ÇADIRIN İPİ
Güzel bir eylül günü.
Güz kendini gösterse de, yazın etkileri sürüyor. Hava güzel.
Haber birden yayıldı Göre’de.
Zaten görülüyordu.
Oylu Dağı’nın köye bakan , az eğimli, düzce yamacında çadırlar kurulmuştu.
Demek, akşamdan gelmişler de bizim haberimiz olmamış.
Ancak, sabah gün ışıyınca ayırdına varmışız.
Bazıları açıkta gecelemiş.
Çadırlar kurulmayı bekliyor.
Döküm saçım.Perperişan.
Açtım ansiklopediyi, kökenlerini okudum:
“ Hindistan’ın kuzeyinde yaşayan Dravit adlı bir etnik öbeğe bağlıdırlar.”
Düşünüyorum, nasıl olmuş da tüm dünyaya yayılmışlar.
Her gittikleri yerin dilini, dinini benimsemişler.
Türkiye’de Türkçe ve İslam , Macaristan’da Katolik ve Macarca,İspanya’da İspanyolca…
Taa Yeni Dünya’ya da gitmişler 1492 sonrasında İspanyollarla, Portekizlilerle.
Neden, acep bunca dağılmışlar?
Neden yerlerinden yurtlarından kalkıp göç etmişler?
Bir salgın sayrılık mı kırıp geçirdi bu topluluğu,
bir sahip, bir sultan bunlara baskı mı uyguladı, zulüm mü etti, ağır vergiler mi bindirdi?
Komşu halkların saldırısına uğrayan kılıç artıkları mı acep dünyaya dağılanlar?
Arkadaşlar, karar verdik.
Öğlene doğru, çekine çekine çayı geçtik, yokuşu tırmandık, çadırların önüne vardık.
Esmer yüzleri ışıldayan, gelinlik çağında kızlar çaydan testilerine su doldurmuşlar,
ailelerine götürüyorlar.
Onlar alışkın, biz tuhaf tuhaf bakıyoruz.
Bazı kızlar Nevşehir Büyük Sinema’da seyrettiğimiz filmlerdeki
artistler kadar güzel.
Alımlı, çalımlı.Gözler kudretten sürmeli.
Yürüyüşleri hoş salınımlı.
Gelişkin göğüslerini sergilemekten çekinmiyorlar.

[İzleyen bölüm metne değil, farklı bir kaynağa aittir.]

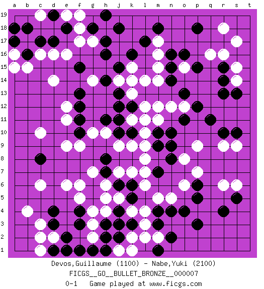 Last move : 0-1 2007 November 2 17:39:40 [Event "FICGS__GO__BULLET_BRONZE__000007"] [Site "FICGS"] [Date "2007.11.02"] [Round "1"] [Black "Devos,Guillaume"] [White "Nabe,Yuki"] [Result "0-1"] [Rating 1 "1100"] [Rating 2 "2100"] 1.d4 q16 2.r4 d16 3.p3 c6 4.c8 e6 5.f4 b4 6.j4 c3 7.d3 c10 8.k16 g17 9.q11 m16 10.r14 s15 11.o16 o15 12.n16 m15 13.n15 m14 14.n14 r9 15.p15 r6 16.r15 r16 17.p18 s14 18.r13 r18 19.k14 m12 20.l17 m17 21.h17 h18 22.h16 k13 23.j18 j14 24.g18 f18 25.h19 f17 26.j15 l14 27.h14 k15 28.f15 d14 29.f13 e9 30.j13 k14 31.j12 l10 32.m4 l3 33.k3 l4 34.m3 m2 35.n2 k2 36.j2 j1 37.h1 k1 38.h3 k4 39.j3 m5 40.n4 n5 41.o4 l6 42.p6 p7 43.o11 p9 44.n10 l8 45.n8 o6 46.p5 o8 47.n9 o12 48.o13 n12 49.p12 e12 50.f12 e11 51.f11 d2 52.e2 c2 53.g6 g7 54.d1 h6 55.g5 h10 56.h11 g10 57.j10 j9 58.s5 s6 59.r10 s9 60.s10 c1 61.e1 g2 62.h2 h5 63.f3 j5 64.s13 s17 65.m18 g3 66.g1 h4 67.f1 g4 68.k5 f6 69.m1 l2 70.k6 k7 71.h7 f5 72.m7 l7 73.f10 f9 74.c17 c16 75.d17 e16 76.b16 b15 77.e18 f19 78.b18 e19 79.d19 a16 80.a17 b17 81.a18 c19 82.b16 a15 83.j6 j7 84.k10 k9 85.l11 k11 86.k12 m11 87.m10 l12 88.j11 l11 89.m9 l9 90.h8 g14 0-1 Here are the names of the openings (joseki) played in the four corners : Corner d4 : d4 c6 Hoshi (Hwajeom, Seongjeom, Xingwei`) 4-4 Point. The star or hoshi (4-4) point, emphasizing influence at the potential expense of territory. Ikken Kakari (Hankan Keolch'im, Yi Gua`jiao~, 1-Space Low Approach). White 2 is the standard approach move to the 4-4. Corner q16 : q16 q11 Hoshi (Hwajeom, Seongjeom, Xingwei`) 4-4 Point. The star or hoshi (4-4) point, emphasizing influence at the potential expense of territory. Player White won this Go (weiqi, baduk) game. Follow this game move after move (download)Five liberties for tactical stability. (Anonymous) A married woman is like a fish riding a bicycle. (Rodolfo d'Ettorre)
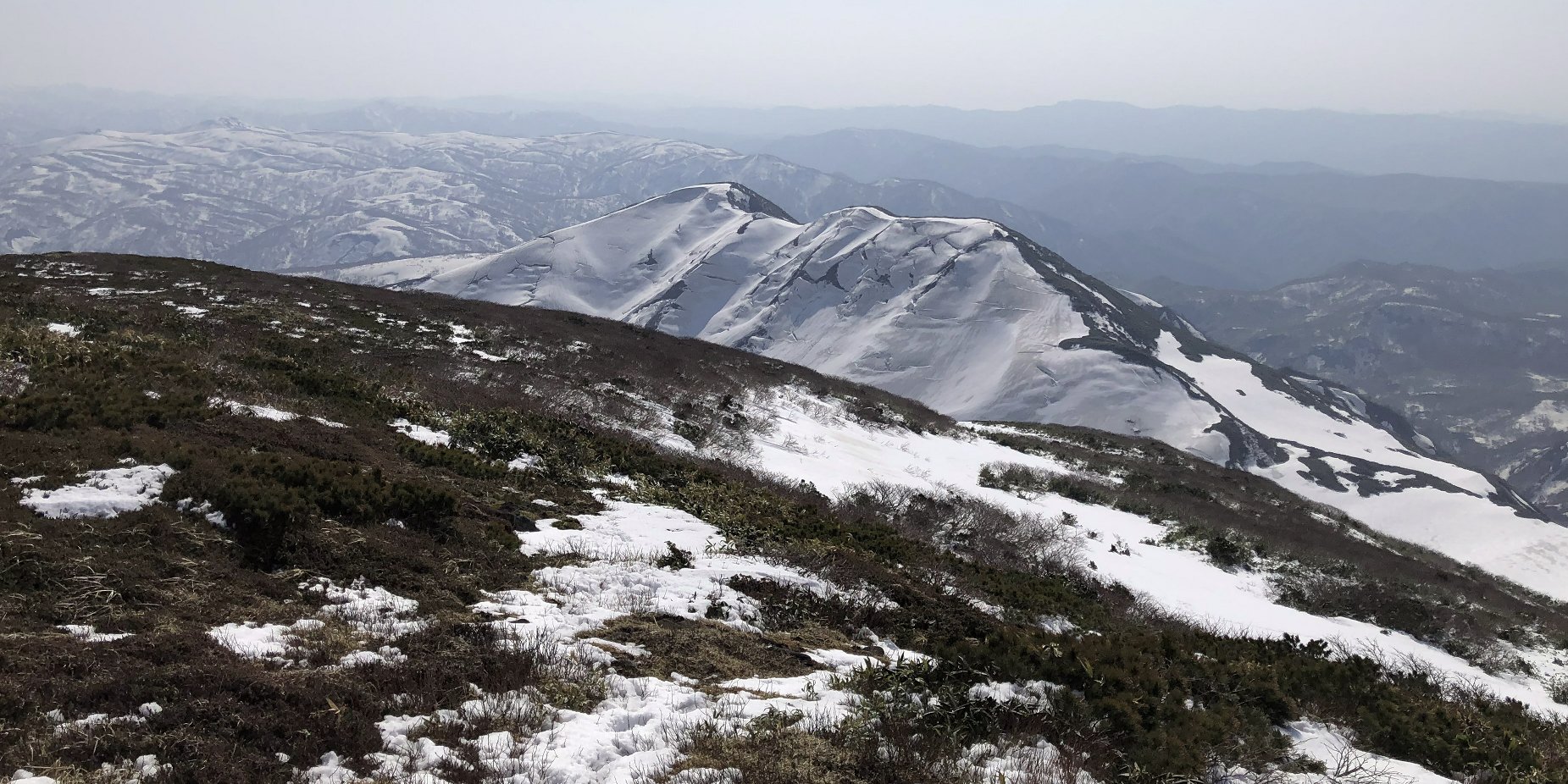 287移動で月山がくっきり見えて、朝日連峰も

Çadırların yanına oturduk çepeçevre.
Gözlerimizi diktik, izliyoruz.
Bize hiç aldırmıyorlar.
Sigaralarını tüttürüyorlar.
Hayretle bakıyoruz.Kadınlar da tütün sarıp içiyor.
Erkekler alışkın tavırlarla yüzük yapıyorlar.
Elek, gözer,kalbur örüyorlar.
Yığın yığın kasnak var önlerinde.
Kızıl, sarı saçlı, çilli çocuklar…Sevimli hareketlerle çevrede oynuyorlar.
Bir radyodan –belki kasetçalar,ses kayıt aygıtı- ağır bir müzik yayılıyor.
Anlıyoruz ki, bu topluluk müziksiz duramaz.
O zaman arabesk marabesk bildiğimiz yok daha.
Çadırların önünde ocaklar kurulmuş.
Ağır bir koku yayılıyor çevreye. İnce, uzun gövdeli kadınlar yemek hazırlıyor.
Duman kaçan gözlerini kirli bezlerle siliyorlar.
Sonra aynı bezle çocuklarının yüzlerini kuruluyorlar.
Sonra öpüyorlar.
Anlıyoruz ki, çocuklarını pek seviyorlar.
Tencereyi karıştırdı kadın.
Tadına baktı yemeğin.
Sonra bakır bir sahana koydu, çadırın önünde yüzük yapan kocasının önüne koydu.
Adam bize baktı. Gözleri kanlı. Biz izliyoruz.
“Gelin lan sıpalar. Buyurun yimek yiyah.! “ dedi.
Biz birbirimize baktık. Böyle bir çağrı beklemiyorduk.
Aliosman Çivilikaya, yüzünde bir tiksinti anlatımı, adama yanıt verdi.
“ Biz cinganın yimaani yimek.”
Adam sinirlendi.
Yanındaki maşayı kaptığı gibi bize doğru yekindi,üzerimize geldi.
O şaşkınlıkla, peremper olduk.
Her birimiz bir yana kaçıştık.
Aliosman kaçarken, ağzı çadırın ipine takılmış.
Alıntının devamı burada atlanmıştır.